By looking at a user’s first R tweet we can hopefully get an idea about what is driving growth in the community. We’ll drop the hashtags from this first table because we want to look at the content of their tweet, not their hashtags.
first_tweets <- tweets %>%
group_by(user) %>%
filter(timestamp == min(timestamp)) %>%
ungroup()
first_tweets %>%
unnest_tokens(word, text, "tweets") %>%
anti_join(stop_words) %>%
mutate(word = SnowballC::wordStem(word)) %>%
filter(!str_detect(word, "^#")) %>%
count(word, sort=T) %>%
top_n(10) %>%
kable()
word | n |
---|---|
data | 3363 |
rt | 2414 |
packag | 2004 |
learn | 1809 |
code | 1087 |
analysi | 985 |
de | 907 |
time | 875 |
im | 751 |
model | 741 |
There is a bit of noise here, but it looks like retweeting is a very common way for people to start engaging with the community, and a lot of people mention learning. I think this needs a bit more work to be useful, but LDA (not shown) didn’t give me anything useful to work with so I think I’ll leave that for another day.
Now let’s look at hashtags in users’ “first R tweets”:
first_tweets %>%
unnest_tokens(word, text, "tweets") %>%
anti_join(stop_words) %>%
filter(str_detect(word, "^#")) %>%
count(word, sort=T) %>%
top_n(10) %>%
ggplot(aes(x = fct_reorder(word, n), y = n)) +
geom_col(fill = "red") +
labs(title = "First R Tweet",
subtitle = "Hashtags in each user's first R-related tweet",
x = "Hashtag", y = "Number of uses of the hashtag in users' first R tweets") +
coord_flip() +
theme_minimal()
Interestingly, conference hashtags don’t even make the top 10 for first tweets. We can look for tweets with UseR! hashtags directly to see what’s going on:
first_tweets %>%
unnest_tokens(word, text, "tweets") %>%
anti_join(stop_words) %>%
filter(str_detect(word, "^#user20(09|1[0-8])")) %>%
count(word, sort=T) %>%
top_n(10) %>%
ggplot(aes(x = word, y = n)) +
geom_col(fill = "red") +
labs(title = "First R Tweet - Conferences",
subtitle = "Hashtags used by users who made their first R tweet about a conference",
x = "Hashtag", y = "Number of uses of the hashtag in users' first R tweets") +
coord_flip() +
theme_minimal()
There are certainly a few new tweeters here, with recent conferences each bringing 100+ new users to the R Twitter community.

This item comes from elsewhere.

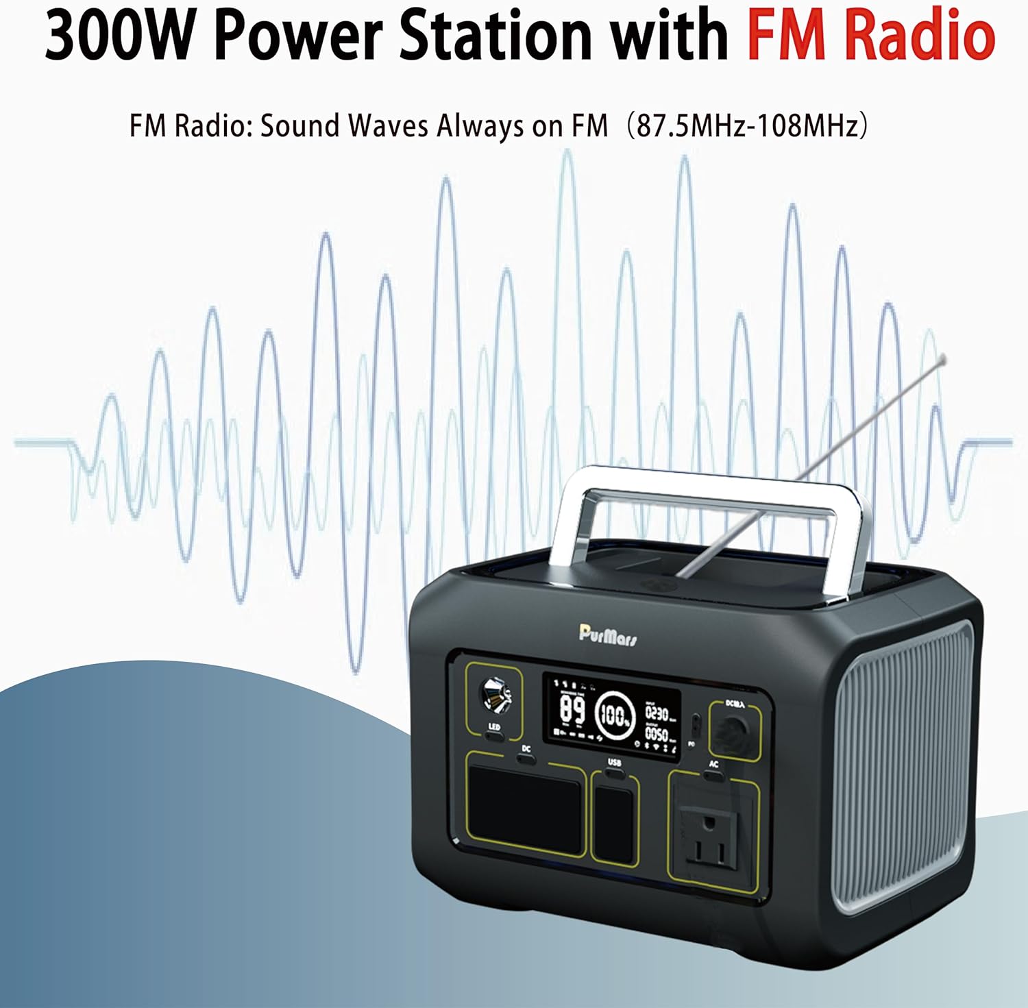 Full-Spectrum FM Radio:This portable power station for camping features an integrated FM radio with a 87.5MHz–108MHz frequency range, covering all standard channels for music, news, and emergency updates. Equipped with a high-sensitivity internal antenna, it delivers clear reception even in remote areas.Combined with the core functions of a 300W portable power station, it delivers even more convenience, safety and recreation programs for outdoor adventures or emergency.

We can look at how these “new tweeters” are impacting the overall volume of tweets at each conference.
user_origins <- first_tweets %>%
unnest_tokens(word, text, "tweets") %>%
anti_join(stop_words) %>%
mutate(conference = str_detect(word, "^#user[0-9]{4}")) %>%
group_by(user) %>%
summarise(Origin = if_else(any(conference), "Conference", "Something Else"))
tweets %>%
left_join(user_origins) %>%
unnest_tokens(word, text, "tweets") %>%
anti_join(stop_words) %>%
filter(str_detect(word, "^#user20(09|1[0-8])$")) %>%
ggplot(aes(x = word, fill = fct_rev(Origin))) +
geom_bar() +
labs(title = "Conference Tweets",
subtitle = "Tweet volumes at each of the 10 last UseR! conferences",
x = "Hashtag", y = "Tweets about each conference") +
coord_flip() +
scale_fill_manual(values = c("pink", "red"),
name = "User first joined\nthe R Twitter\ncommunity via...") +
theme_minimal()
New users are certainly making an impact on the volume of tweets, but the majority of tweets at conferences are being written by people who joined the R Twitter community some time before their first tweet about a conference.
Next steps
This was fun, and I learned a little bit about how new users find their way into the R Twitter community. In my next post I’ll be diving into social network analysis to see if I can find a bit more structure and identify some sub-communities.
I’ll also be looking to bring in more datasets - CRAN and GitHub collaboration data are definitely on my wishlist, as well as the various email lists and anything else I can get my hands on!